• _YOUR TASK_: Copy every entry verbatim and skip the pictures.

Items from a data source:

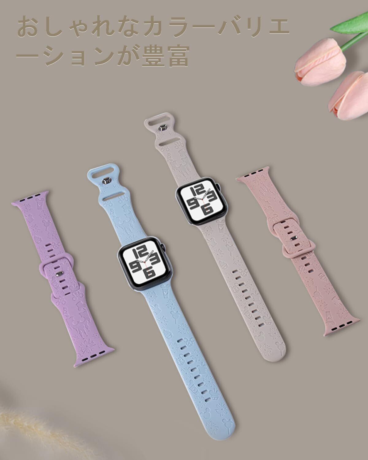 【高品質シリコン素材】iWatch 42mm 44mm 45mm 49mm キャラクターバンドは肌に優しい高品質ソフトシリコン素材を採用することで、普通のバンドより更に柔らかく、軽く、安全に着用できます。折り曲げたり、ねじれても元に戻る優れた伸縮性が特徴で、装着も非常に便利です。シリコン素材で装着感が楽で見た目も彫りがあるのでおしゃれです。適切な手首のサイズ:150mm~210mm*ご注意:手動測定のために、2~5mmの誤差がある場合があります。
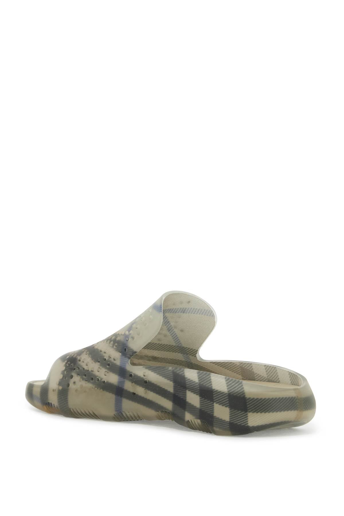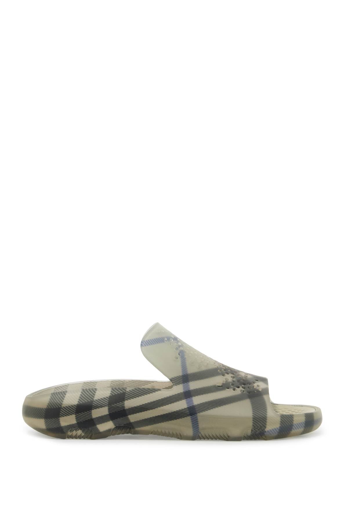 The Stingray slides are made of transparent rubber with a Burberry Check interior and a molded sole featuring a large logo lettering imprinted on the bottom. The left foot is decorated with a removable Equestrian Knight Design patch in rubber, while the textured insole showcases an embossed EKD design. Size and Fit - Heel Height = 3,5 cm,
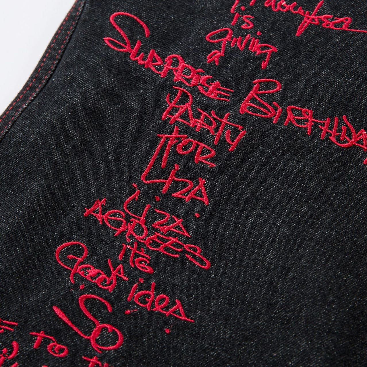 This pair of high-street denim long pants is designed for the modern youth who appreciate style and comfort. Featuring a unique color-block design with elegant embroidery, these pants stand out in any casual setting.
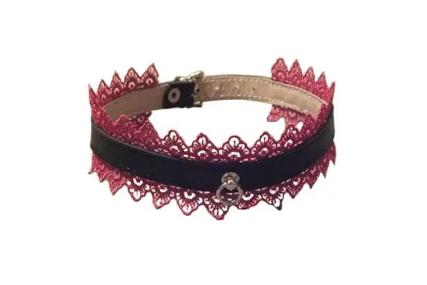 —Ошейник Подиум с цикламеновым кружевом и кольцом, чёрный
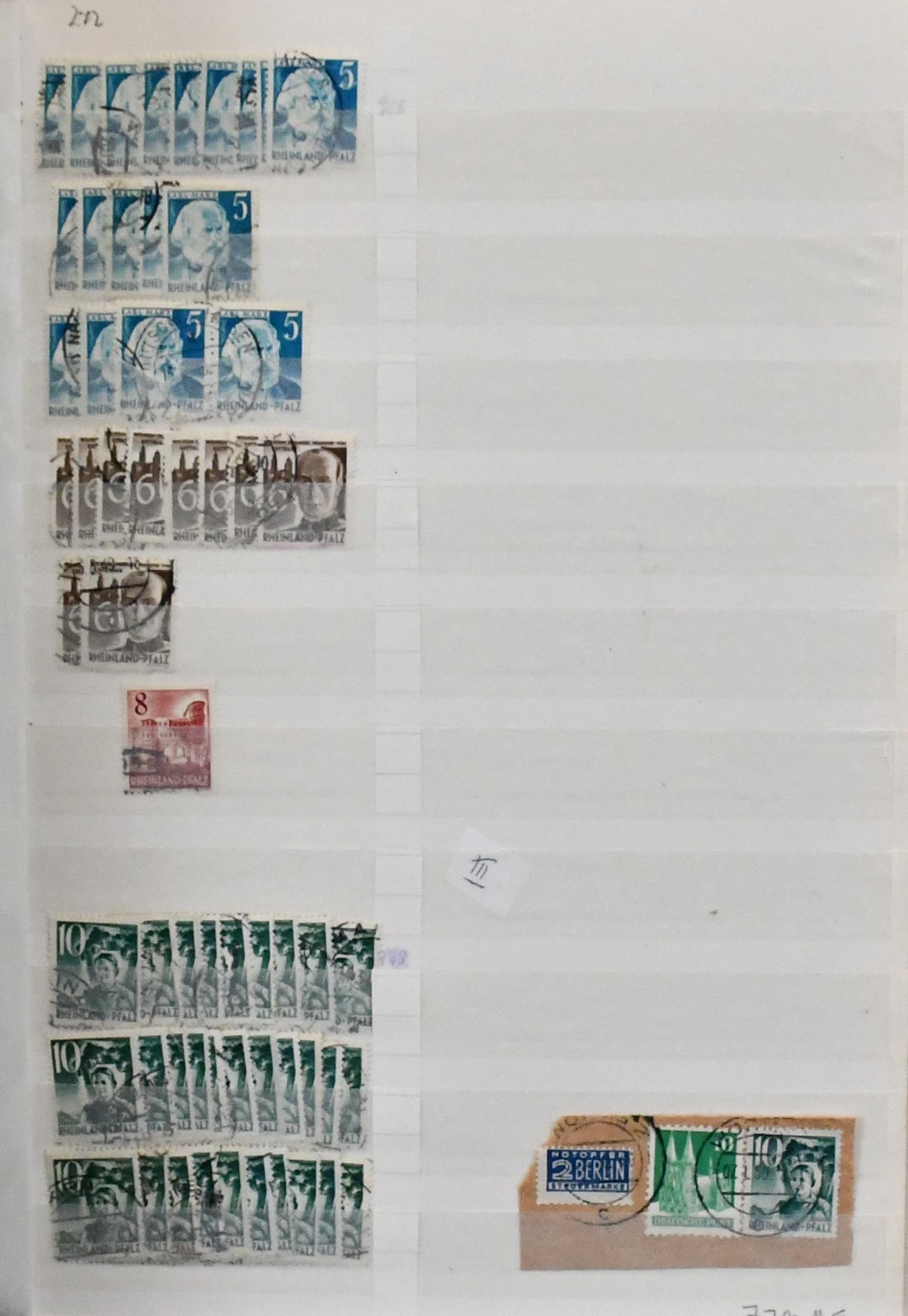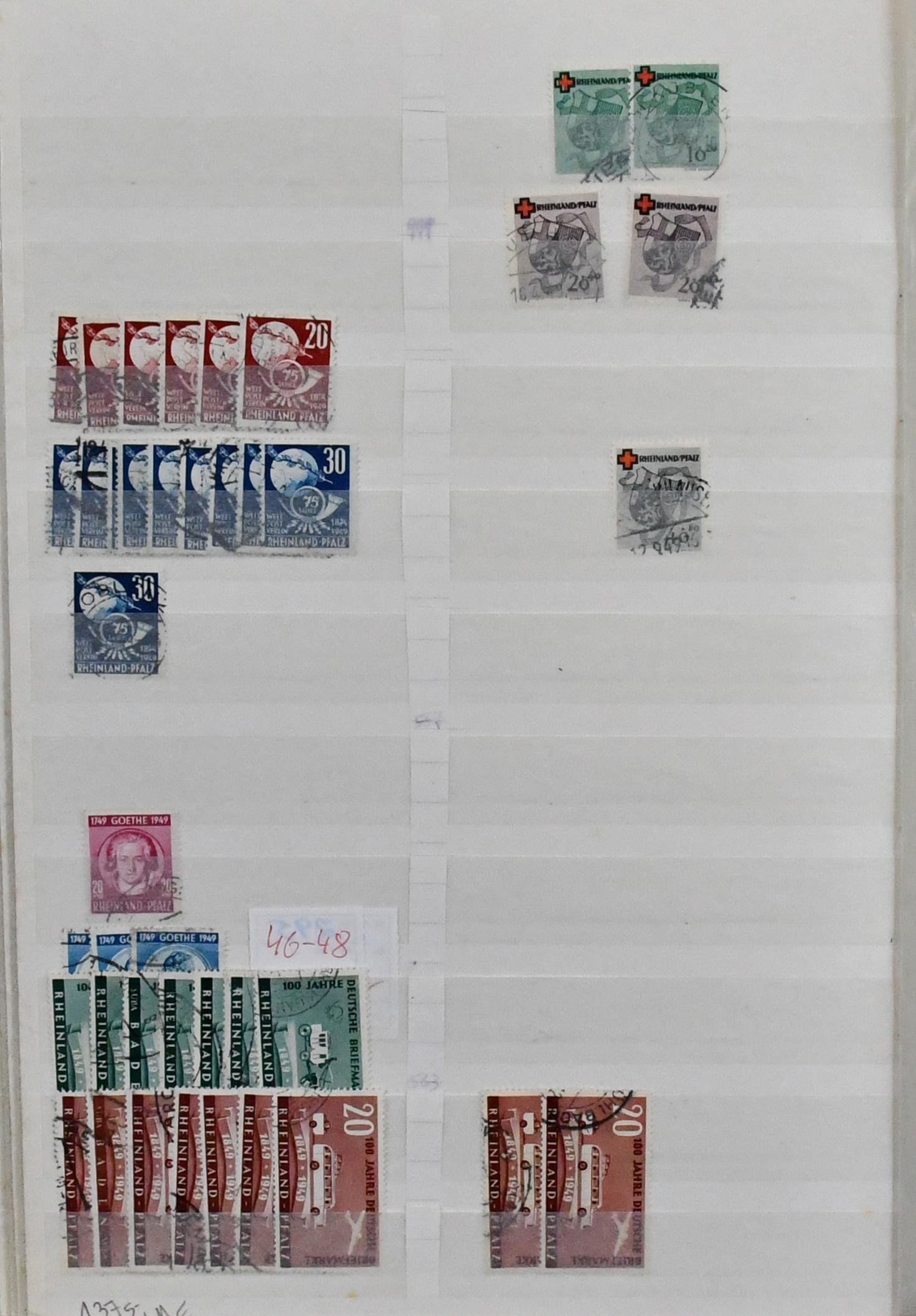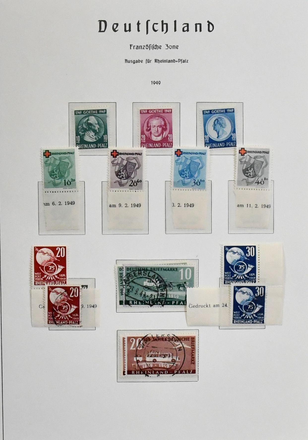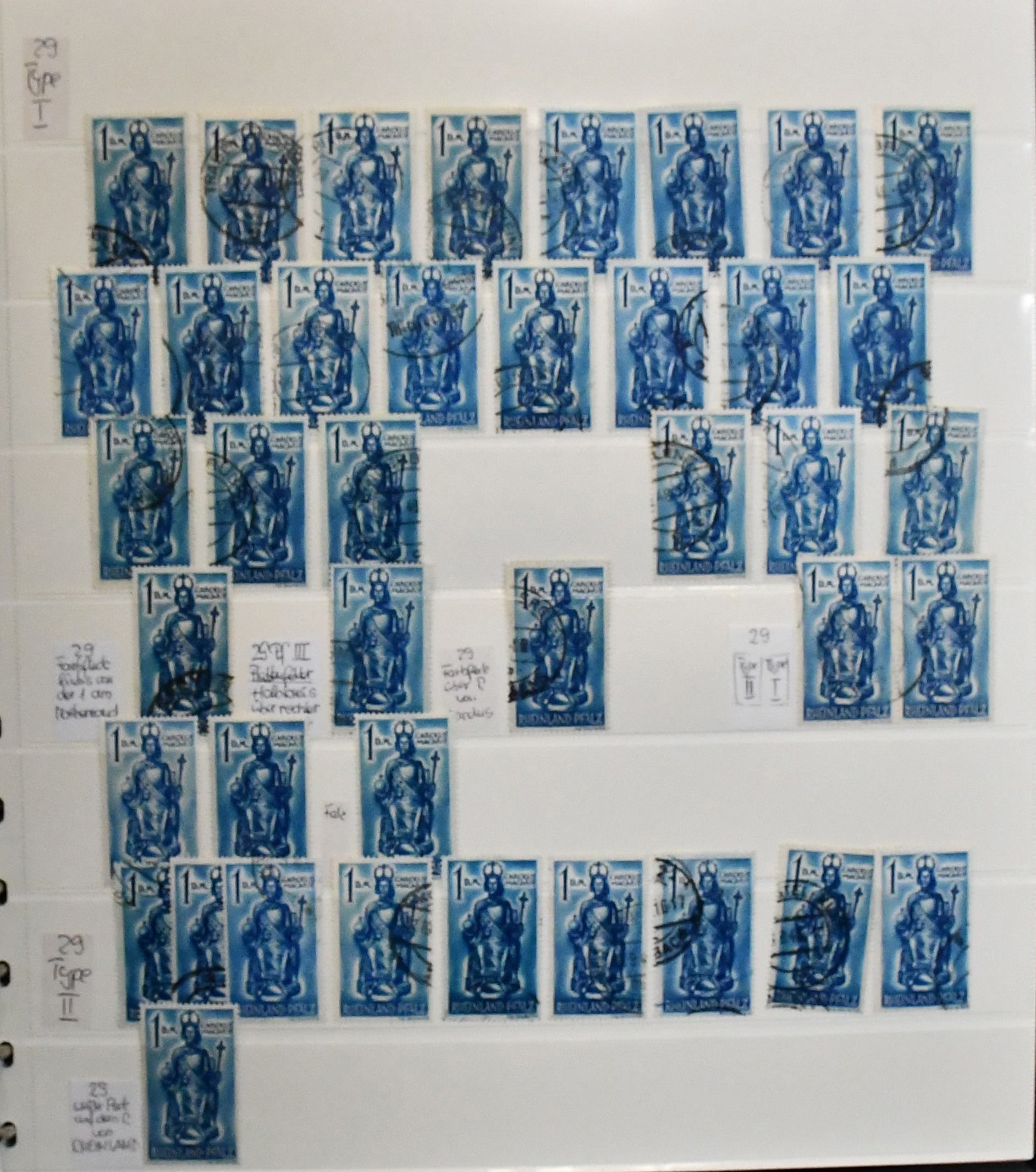 Rheinland-Pfalz, 1945/49, saubere Zusammenstellung von rund 3500 postfrischen u. gestempelten Werten in zwei SAFE-Ringbindern. Dabei die Freimarken-Ausgaben umfangreich nach Typen spezialisiert, inkl. Nr. 36 postfr. u. gest., sowie rund 100 Werte mit Plattenfehlern und Abarten, Rotkreuz-Satz und -Block postfr., Nr. 46/52 postfr. und gest. etc. Hoher KW!
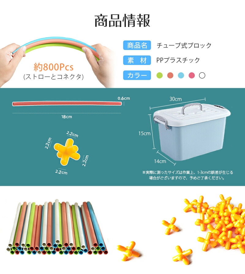 【製品情報】:製品には、800のチューブとジョイント、収納ケース付け。さまざまな色のストローとジョイントが含まれており、子供たちの色に対する感受性を向上させ、手と目の協調を促進できます。製品サイズ:直径0.6*18cm。箱つき:30*15*14cm
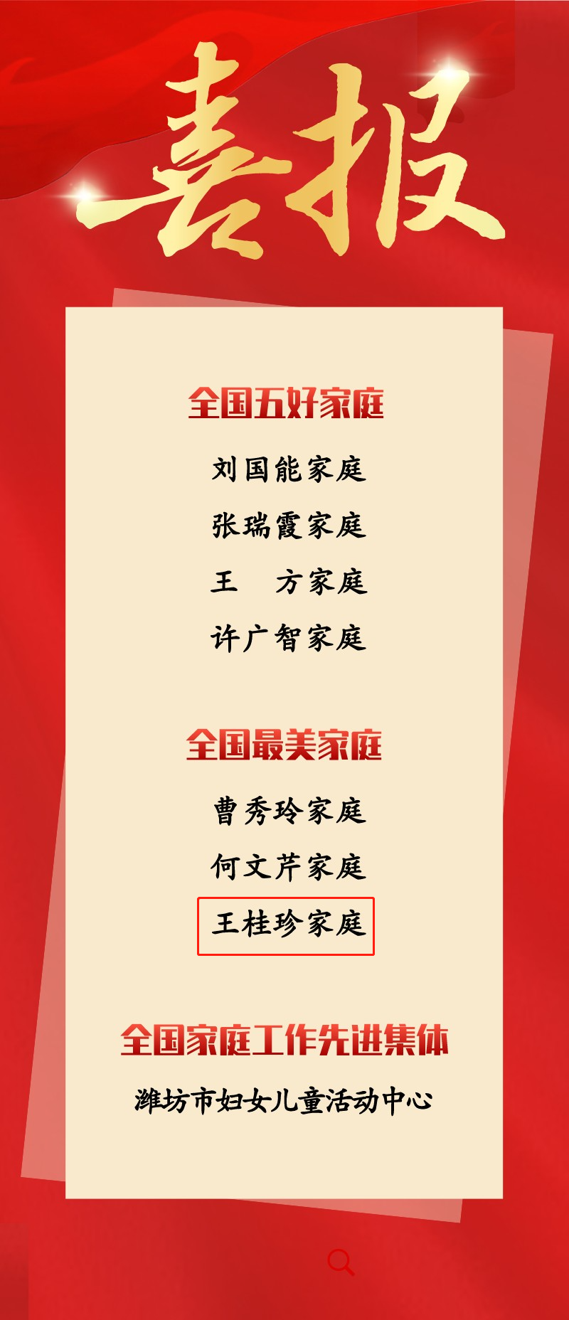 5月15日,在第29个国际家庭日,全国妇联表彰第十三届全国五好家庭暨家庭工作先进集体、先进个人,揭晓2022年全国最美家庭。其中,我市王桂珍家庭荣获全国最美家庭。
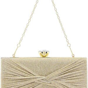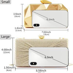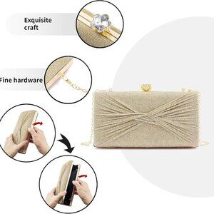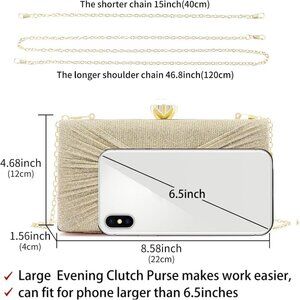 Perfect Size:8.58 x1.56x 4.68 inches ,please check the size before ordering.This dazzling pleated bow clutch is enough to hold your essentials,such as mobile phone,keys,cards,lipstick,small mirror and other small items.Wedding purses for women evening comes with detachable long chain 120cm /46.8in and short chain 40cm /15.6in, elegant evening bag or party clutch is easy to match your shoes or fascinators

• _ANSWER TO THE PROBLEM_:
 【高品質シリコン素材】iWatch 42mm 44mm 45mm 49mm キャラクターバンドは肌に優しい高品質ソフトシリコン素材を採用することで、普通のバンドより更に柔らかく、軽く、安全に着用できます。折り曲げたり、ねじれても元に戻る優れた伸縮性が特徴で、装着も非常に便利です。シリコン素材で装着感が楽で見た目も彫りがあるのでおしゃれです。適切な手首のサイズ:150mm~210mm*ご注意:手動測定のために、2~5mmの誤差がある場合があります。
 The Stingray slides are made of transparent rubber with a Burberry Check interior and a molded sole featuring a large logo lettering imprinted on the bottom. The left foot is decorated with a removable Equestrian Knight Design patch in rubber, while the textured insole showcases an embossed EKD design. Size and Fit - Heel Height = 3,5 cm,
 This pair of high-street denim long pants is designed for the modern youth who appreciate style and comfort. Featuring a unique color-block design with elegant embroidery, these pants stand out in any casual setting.
 —Ошейник Подиум с цикламеновым кружевом и кольцом, чёрный
 Rheinland-Pfalz, 1945/49, saubere Zusammenstellung von rund 3500 postfrischen u. gestempelten Werten in zwei SAFE-Ringbindern. Dabei die Freimarken-Ausgaben umfangreich nach Typen spezialisiert, inkl. Nr. 36 postfr. u. gest., sowie rund 100 Werte mit Plattenfehlern und Abarten, Rotkreuz-Satz und -Block postfr., Nr. 46/52 postfr. und gest. etc. Hoher KW!
 【製品情報】:製品には、800のチューブとジョイント、収納ケース付け。さまざまな色のストローとジョイントが含まれており、子供たちの色に対する感受性を向上させ、手と目の協調を促進できます。製品サイズ:直径0.6*18cm。箱つき:30*15*14cm
 5月15日,在第29个国际家庭日,全国妇联表彰第十三届全国五好家庭暨家庭工作先进集体、先进个人,揭晓2022年全国最美家庭。其中,我市王桂珍家庭荣获全国最美家庭。
 Perfect Size:8.58 x1.56x 4.68 inches ,please check the size before ordering.This dazzling pleated bow clutch is enough to hold your essentials,such as mobile phone,keys,cards,lipstick,small mirror and other small items.Wedding purses for women evening comes with detachable long chain 120cm /46.8in and short chain 40cm /15.6in, elegant evening bag or party clutch is easy to match your shoes or fascinators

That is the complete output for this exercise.